There's much to be said about the articles linked below. In my Notes app, each I read each closely, marking up passages, changing the type color red and bolding, italicizing and underlining, adding my own commentary interspersed between paragraphs in blue type. I'll content myself with holding this back not only for the shear tedium it would cost me but probably for you too.

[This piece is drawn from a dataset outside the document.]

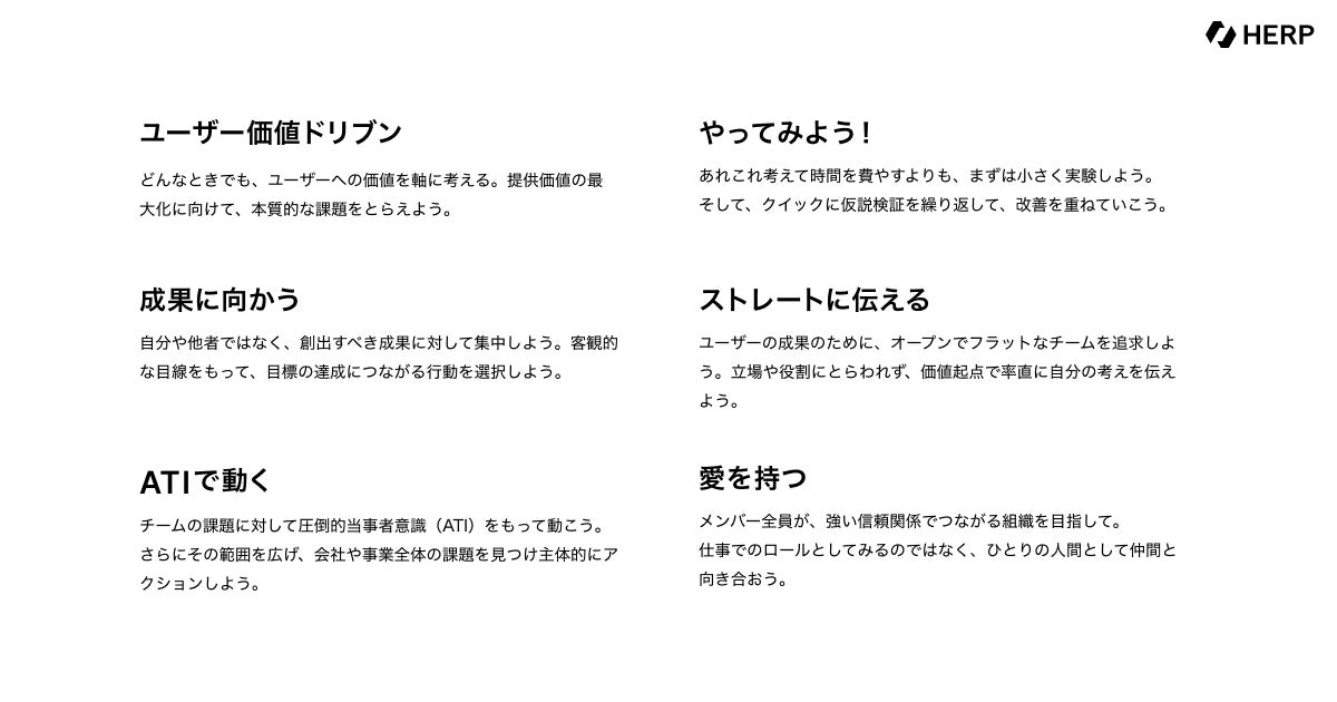 今後HERPでは『HERP Hire』『HERP Nurture』に加え、新たなる『HERP』ブランドのもとHRTech領域での新規サービスの本年中の提供開始を予定しています。新たな事業展開を見据えた組織体制の強化に向けて、一貫性のあるブランドのもとメンバーが一丸となりより自律的に活躍することを通じ、導入企業およびパートナー企業のみなさまをはじめとしたあらゆるステークホルダーの方々との関係性を強化することを目的とし、コーポレートおよびプロダクトのブランドを再定義する運びとなりました。株式会社パークのサポートのもと、2021年9月にミッションを「採用を変え、日本を強く。」に再定義し、同年12月に6つのバリューを策定しました。

This topic is aging fast not only because it is currently pivoting on what I consider to be an absurd binary of Art-for-Art's-Sake versus Art-for-Politics-Sake but also because a question is yawning about whether there is more to Art than it's current definition. Regarding the former: this is what happens when "live or let die" makes war on "live and let live". Regarding the latter: this is what happens when Fukuyama's "End of History" comes home to roost and the eschatological fever dream tries to force-foreclose on the horizon of utopia, a beat too soon.

I predict that in a year's time, we will all be off to new pastures because, as I like to say:

The marquee will change.
It must change.
That is its nature.

Kissick's subtitle: "How politics destroyed contemporary art." Art can never be destroyed, but it will go underground if it has to.

***

To the links:

  • Dean Kissick: The Painted Protest, Harper's, December 2024
  • Jonathan T.D. Neil: On Dean Kissick's Article in Harper's, Substack, November 20, 2024
  • Becca Rothfeld: Substack Note, November 20, 2025
  • Udith Dematagoda: The Meanings of Dean Kissick, Substack, November 21, 2024
  • Martin Hebert: Are You Too Old For The Artworld?, Art Review, November 25, 2024
  • Ajay Kurian: Make Art Great Again? A Response to the Nostalgia and Backlash..., Cultured Magazine, December 4, 2024
  • Rob Fields: Reading Dean Kissick, December 11, 2024
  • Saul Ostrow: Art's political economy: A response to Dean Kissick, Two Coats of Paint, December 17, 2024
  • Christian Viveros-Fauné: The Culture of Complaint 2.0: White Guy Wants His Museum Back, Village Voice, January 3, 2025
  • Peter Malone: The Drone as a State of Mind, Substack, January 4, 2025
  • Ben Luke: The Art Newspaper: Despite What Some Critics Claim..., January 7, 2025
  • Franklin Einspruch: Kissick Kicks the Cop Car, January 8, 2025
  • Ben Davis: Will the Art World Go Post-Woke in 2025?, January 9, 2025
  • Art Angle Podcast: The Vibe Shifted in Art. Now What? A conversation between Ben Davis and Dean Kissick
  • PostScript: More articles coming in:

  • John Ganz in Substack:
  • *

    Tangential:
  • Andrew Norman Wilson: It's What the World Needs Now, The Baffler, April 2024
  • ***

    My favorites were Saul Ostrow (He's chasing down the socio-economic aspect) and Ben Davis (encyclopedic, and yet a bit hedgy with too much passive voice but he saves the day in the final paragraphs by flagging Olufemi Taiwo's Elite Capture: How the Powerful Took Over Identity Politics (and Everything Else)).

    ***

    TLDR?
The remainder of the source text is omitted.